Kasdam Jayakarta Brigjend TNI Suharyanto memberikan alasan mengapa TMMD 2018 di kota Depok lebih banyak kegiatan non fisik karena menurutnya Depok merupakan daerah perkotaan serta tingkat pendidikan masyarakatnya lebih bagus.

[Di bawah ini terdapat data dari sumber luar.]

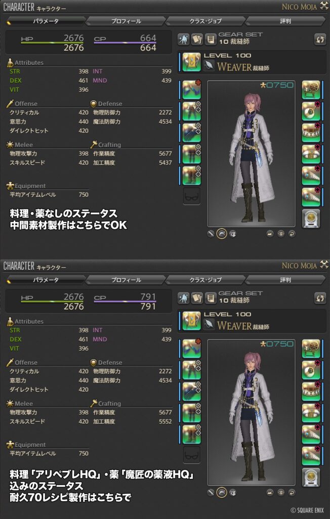 Patch7.4対応 コートリーラヴァー装備(工数10040)・中間素材(工数5622)製作マクロ・・・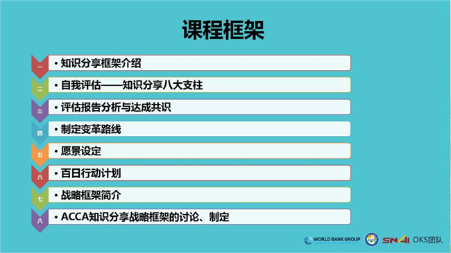 机构知识分享从何而来?作为知识交流的促进者,世界银行正在积极转向“解决方案银行”,将问题解决的多元需求与世界各地成功经验紧密相连。世界银行领导力、学习与创新部(LLI)知识中心团队开发出“机构知识分享能力建设”项目(Organizational Knowledge Sharing, 简称OKS)。上海国家会计学院与世界银行保持着密切联系和紧密合作,在2015、2016年的两年内,合作展开了面对内部师资员工团队的五期系统培训和三期TOT(Training of Trainer)培训,以期大力支持与推动亚太区域内知识机构的知识分享能力建设,推动各组织的可持续发展。

Depok, INDONEWS.ID - Kegiatan TNI Manunggal Membangun Desa (TMMD) Tahun 2018 di Kota Depok akan lebih banyak diisi oleh kegiatan non fisik (penyuluhan) disamping ada juga memang beberapa kegiatan fisiknya.
 
Kegiatan ini antara lain meliputi penyuluhan dengan materi RW layak anak atau RW ramah anak, penyuluhan bahaya narkoba, tertib lalulintas, kenakalan remaja dan kerukunan umat beragama. Selanjutnya, ada juga penyuluhan untuk hidroponik, kesehatan lingkungan, Keluarga Berencana (KB) dan Kartu Identitas Anak (KIA), kedisiplinan, bahaya terorisme dan radikalisme, wawasan kebangsaan, penanggulangan KDRT, pembelajaran bahasa inggris dan mendongeng.
 
"Hasil penyuluhan tersebut diharapkan dapat menambahkan pengetahuan bagi masyarakat khususnya, di wilayah Kecamatan Cipayung sebagai lokasi penyelenggaran TMMD 2018 di Kota Depok," ujar Wali Kota Depok Idris Abdul Somad dalam sambutannya saat membuka TMMD Ke 103 Tahun 2018 di Lapangan Jembatan Serong, Cipayung, Kota Depok, Senin (15/10/2018).
 
Sementara itu, dilokasi yang sama, Kasdam Jayakarta Brigjend TNI Suharyanto menjelaskan alasan TMMD 2018 di kota Depok lebih banyak kegiatan non fisik karena Depok merupakan daerah perkotaan serta tingkat pendidikan masyarakatnya lebih bagus.
 
"Tergantung daerahnya. Karena pembangunan disini sudah di cover oleh APBD dan APBD Perubahan. Kalau di Palu misalnya, pasti akan lebih banyak kegiatan fisiknya karena disana butuh kehadiran TNI dengan alat-alatnya dan tenaganya untuk mendorong masyarakat membangun wilayahnya," jelas Kasdam Suharyanto.
 
Lebih lanjut, Kasdam mengatakan, sejak tahun 1970 kegiatan TMMD merupakan bentuk komitmen TNI dalam ikut serta membangun atau meningkatkan kesejahteraan masyarakat. Itu merupakan salah satu tugas dari TNI di dwifungsi TNI pada jaman orde baru.
 
Setelah reformasi, sesuai UU No 34 Tahun 2004 dimana salah satu tugas TNI adalah melaksanakan pemberdayakan pertahanan. Kegiatan tersebut salah satunya dilakukan melalui TMMD.
 
"Jadi ini adalah sumbangsih TNI kepada bangsa dan negara untuk meningkatkan kesejahteraan masyarakat ada kegiatan fisik (pembangunan) dan ada kegiatan non fisik (penyuluhan). Harapannya Indonesia bisa semakin maju dan bisa sejajar dengan negara-negara maju di dunia," pungkasnya.